→ Data records
----------

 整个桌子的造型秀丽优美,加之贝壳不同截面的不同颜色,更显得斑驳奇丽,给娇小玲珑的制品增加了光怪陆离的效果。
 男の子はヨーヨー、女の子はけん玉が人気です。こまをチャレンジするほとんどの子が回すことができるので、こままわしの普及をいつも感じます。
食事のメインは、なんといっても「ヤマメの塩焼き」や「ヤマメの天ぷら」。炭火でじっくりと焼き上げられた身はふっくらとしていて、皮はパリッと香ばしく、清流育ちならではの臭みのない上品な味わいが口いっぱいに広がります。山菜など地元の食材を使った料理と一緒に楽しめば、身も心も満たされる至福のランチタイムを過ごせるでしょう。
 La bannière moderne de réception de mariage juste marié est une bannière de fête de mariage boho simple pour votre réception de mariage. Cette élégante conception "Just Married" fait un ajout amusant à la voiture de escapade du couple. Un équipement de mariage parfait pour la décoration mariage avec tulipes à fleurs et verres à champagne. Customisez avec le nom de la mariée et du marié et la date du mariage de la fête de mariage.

----------

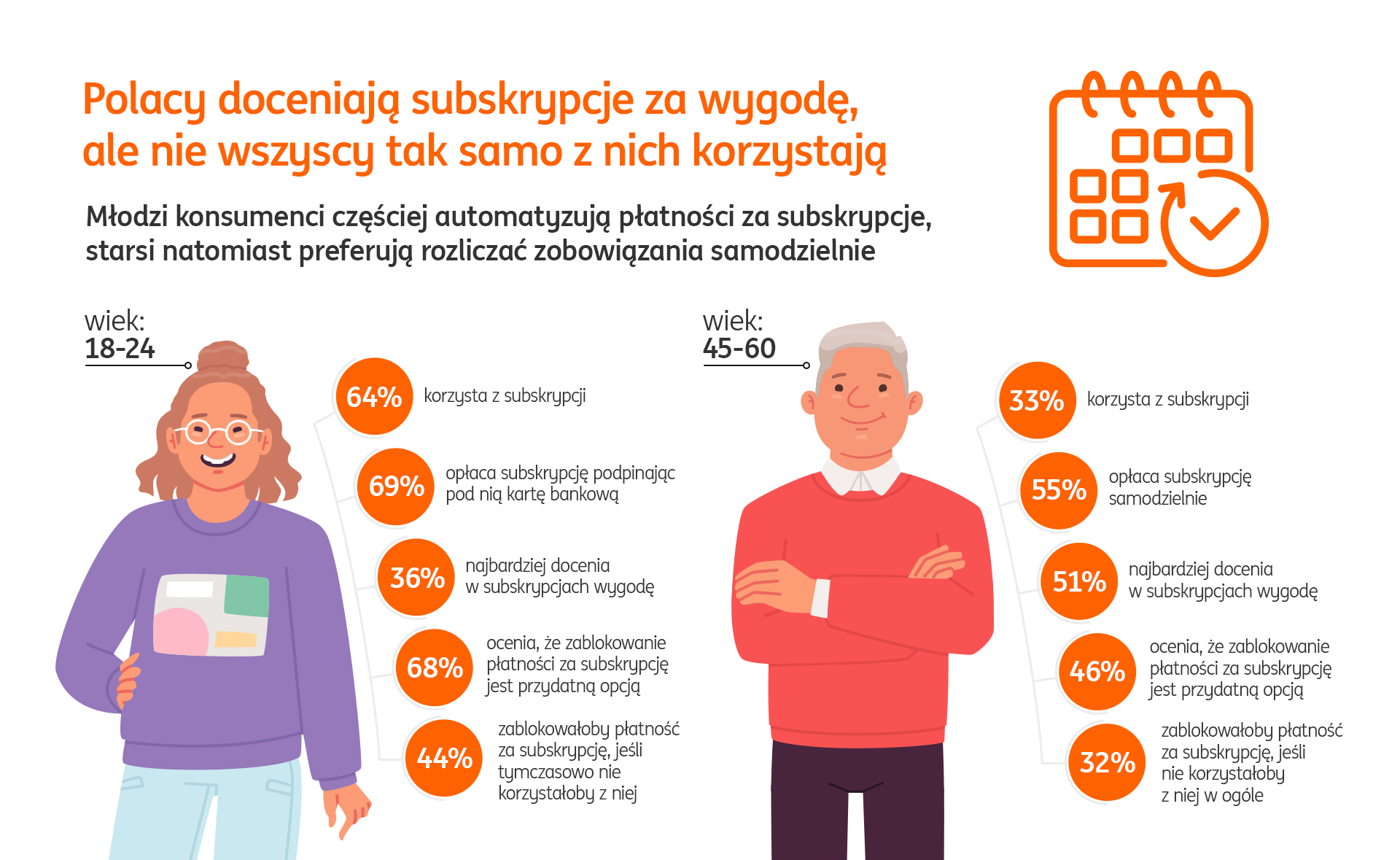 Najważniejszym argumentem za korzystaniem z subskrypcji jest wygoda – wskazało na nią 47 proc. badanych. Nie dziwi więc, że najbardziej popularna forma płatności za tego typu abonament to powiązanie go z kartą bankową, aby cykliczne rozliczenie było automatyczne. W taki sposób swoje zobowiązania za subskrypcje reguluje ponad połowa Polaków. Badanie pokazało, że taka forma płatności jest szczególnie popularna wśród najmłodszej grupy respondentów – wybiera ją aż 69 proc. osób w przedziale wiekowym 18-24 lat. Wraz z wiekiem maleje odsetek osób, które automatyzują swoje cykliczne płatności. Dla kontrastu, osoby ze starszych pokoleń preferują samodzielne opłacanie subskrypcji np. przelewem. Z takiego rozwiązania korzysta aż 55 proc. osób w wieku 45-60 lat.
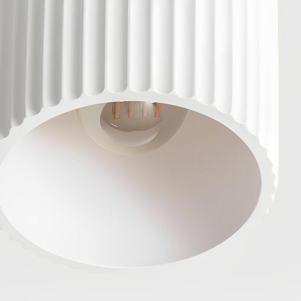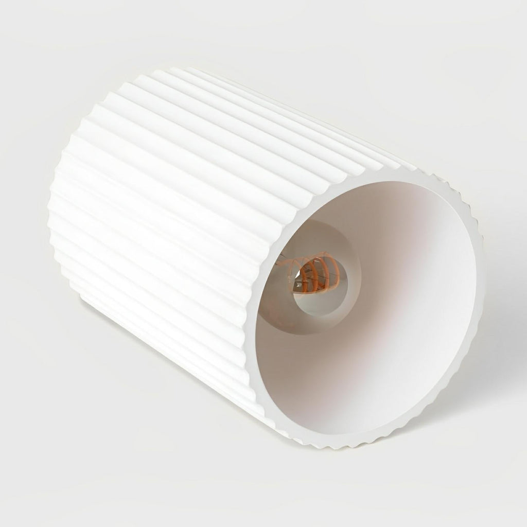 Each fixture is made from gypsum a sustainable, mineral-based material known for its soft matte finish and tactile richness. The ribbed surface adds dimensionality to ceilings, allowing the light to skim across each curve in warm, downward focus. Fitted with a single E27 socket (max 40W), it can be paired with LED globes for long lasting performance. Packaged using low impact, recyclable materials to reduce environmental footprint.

----------

→ Directions for this task
Here the job is to set down exactly the lines of the material above that fall between the one with "整个桌子的造型秀丽优美,加之" and the one with "食事のメインは、なんといって", inclusive, and nothing beyond them.

→ Completed task
 整个桌子的造型秀丽优美,加之贝壳不同截面的不同颜色,更显得斑驳奇丽,给娇小玲珑的制品增加了光怪陆离的效果。
 男の子はヨーヨー、女の子はけん玉が人気です。こまをチャレンジするほとんどの子が回すことができるので、こままわしの普及をいつも感じます。
食事のメインは、なんといっても「ヤマメの塩焼き」や「ヤマメの天ぷら」。炭火でじっくりと焼き上げられた身はふっくらとしていて、皮はパリッと香ばしく、清流育ちならではの臭みのない上品な味わいが口いっぱいに広がります。山菜など地元の食材を使った料理と一緒に楽しめば、身も心も満たされる至福のランチタイムを過ごせるでしょう。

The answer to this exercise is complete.